(Records from a data collection)
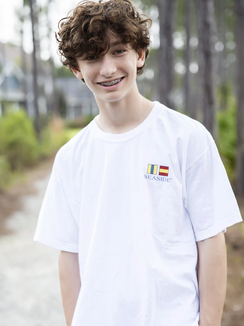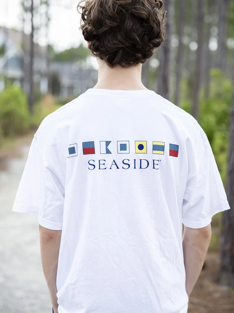 Inspired by vintage nautical flags, the flags on the back of the spell out SEASIDE using the maritime alphabet, and 1981 (the years of Seaside’s beginning) on the front.
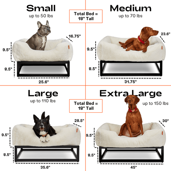 This raised dog bed features the same supportive bolster top and chew-resistant metal platform base that dog owners love—now in a brushed woven fabric with a soft hand-feel that’s durable and easy to clean. The 8-inch platform elevates your dog, improving airflow and creating the perfect window seat for pups of all sizes.
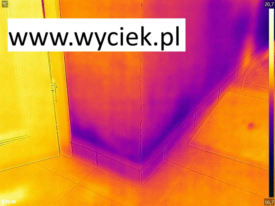 Zlecenie jak wiele innych. Mokre ściany łazienki w budynku jednorodzinnym. Zgłoszenie szkody do ubezpieczyciela, zgoda na firmę do lokalizacji wycieków wody. Nie mogę napisać wszystkiego, ponieważ ten blog to nie kurs lokalizacji, ale sam wygląd ścian pokierował mnie w stronę odpływu brodzika. Poniżej zdjęcie termowizyjne jak wyglądały ściany w podczerwieni.
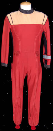 A Starfleet uniform jumpsuit appearing variously in Star Trek feature films. The item is a full length red jumpsuit with black ribbed cuffs and collar, and tan shoulders, loops for a belt, black accent stripes running down the length of the outsides of the legs, and a blue division strip … |
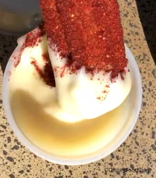 This is a Sweet and Spicy Red Sugar Churro with Double The Love Cream Cheese Frosting. To us, it tasted like the churro is coated in powdered Hot Tamales, so if you’re a fan of those, you’ll want to try this.

• **Assignment**: Set down every entry above again exactly, dropping each picture.

• **Answer box**:
 Inspired by vintage nautical flags, the flags on the back of the spell out SEASIDE using the maritime alphabet, and 1981 (the years of Seaside’s beginning) on the front.
 This raised dog bed features the same supportive bolster top and chew-resistant metal platform base that dog owners love—now in a brushed woven fabric with a soft hand-feel that’s durable and easy to clean. The 8-inch platform elevates your dog, improving airflow and creating the perfect window seat for pups of all sizes.
 Zlecenie jak wiele innych. Mokre ściany łazienki w budynku jednorodzinnym. Zgłoszenie szkody do ubezpieczyciela, zgoda na firmę do lokalizacji wycieków wody. Nie mogę napisać wszystkiego, ponieważ ten blog to nie kurs lokalizacji, ale sam wygląd ścian pokierował mnie w stronę odpływu brodzika. Poniżej zdjęcie termowizyjne jak wyglądały ściany w podczerwieni.
 A Starfleet uniform jumpsuit appearing variously in Star Trek feature films. The item is a full length red jumpsuit with black ribbed cuffs and collar, and tan shoulders, loops for a belt, black accent stripes running down the length of the outsides of the legs, and a blue division strip … |
 This is a Sweet and Spicy Red Sugar Churro with Double The Love Cream Cheese Frosting. To us, it tasted like the churro is coated in powdered Hot Tamales, so if you’re a fan of those, you’ll want to try this.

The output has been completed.